Bizon supports multiple execution modes:

ModeDescriptionUse Case
ThreadAsync execution with threadsGeneral purpose
ProcessAsync execution with processesCPU-bound work
StreamSynchronous streamingLow latency, real-time pipelines

The Stream runner is designed for real-time, low-latency pipelines.
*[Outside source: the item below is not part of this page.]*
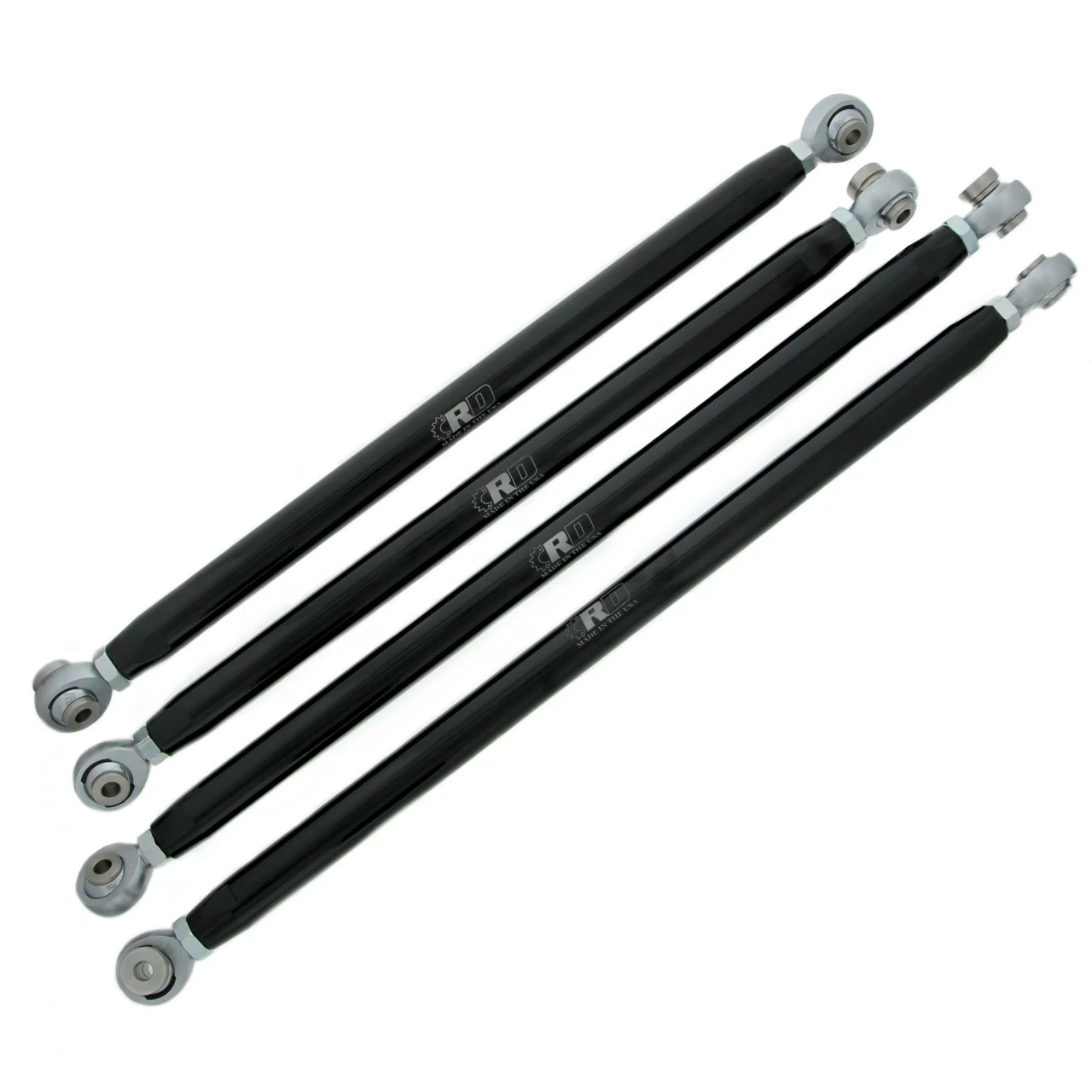 All NEW Race-Driven Black 1.125” Diameter 6061 Billet Aluminum Radius Rods with 4130 Chromoly rod ends that are heat treated for maximum strength that have self-lubricating and self sealing Nylafiber matrix race. You will receive 2 upper and 2 lower rods that will fit: 2011-2014 Polaris RZR XP 900/900-4. We manufacture the high-quality stainless-steel spacers to very tight tolerances for the best fit. These will outlast the weak aluminum spacers other companies use. These Rods have been quality powder coated by us in house, so custom colors are available upon request (extra charge for custom colors) These Rods are designed to withstand anything you can throw at them and are made to last. Designed to perfectly fit and replace the thin and weak OEM stock Rods. Must use stock mounting hardware. Proudly made in the USA in Escanaba Michigan with a lifetime limited warranty* on non-wearable parts. *Not valid on machines with tires over 32″. May not work with some bumpers.

Unlike Thread and Process modes, Stream mode:

  • Bypasses the queue buffer — Data flows directly from source to destination without intermediate buffering, reducing latency and memory overhead
  • Offset committing — Supports stream checkpointing where offsets are committed after successful writes, enabling exactly-once semantics for sources like Kafka
  • Synchronous execution — Processes records in a tight loop for predictable performance
┌─────────────┐ ┌─────────────────┐
│ Source │─────────────────────▶│ Destination │
│ (Extract) │ (direct flow) │ (Load) │
└─────────────┘ └─────────────────┘
│ │
└──────────── Offset Commit ──────────┘
┌──────┴──────┐
│ Backend │
│ (State) │
└─────────────┘

Use Stream mode when:

  • You need sub-second latency (e.g., Kafka → BigQuery streaming)
  • Your source supports offset-based checkpointing
  • You want to minimize memory usage by avoiding buffering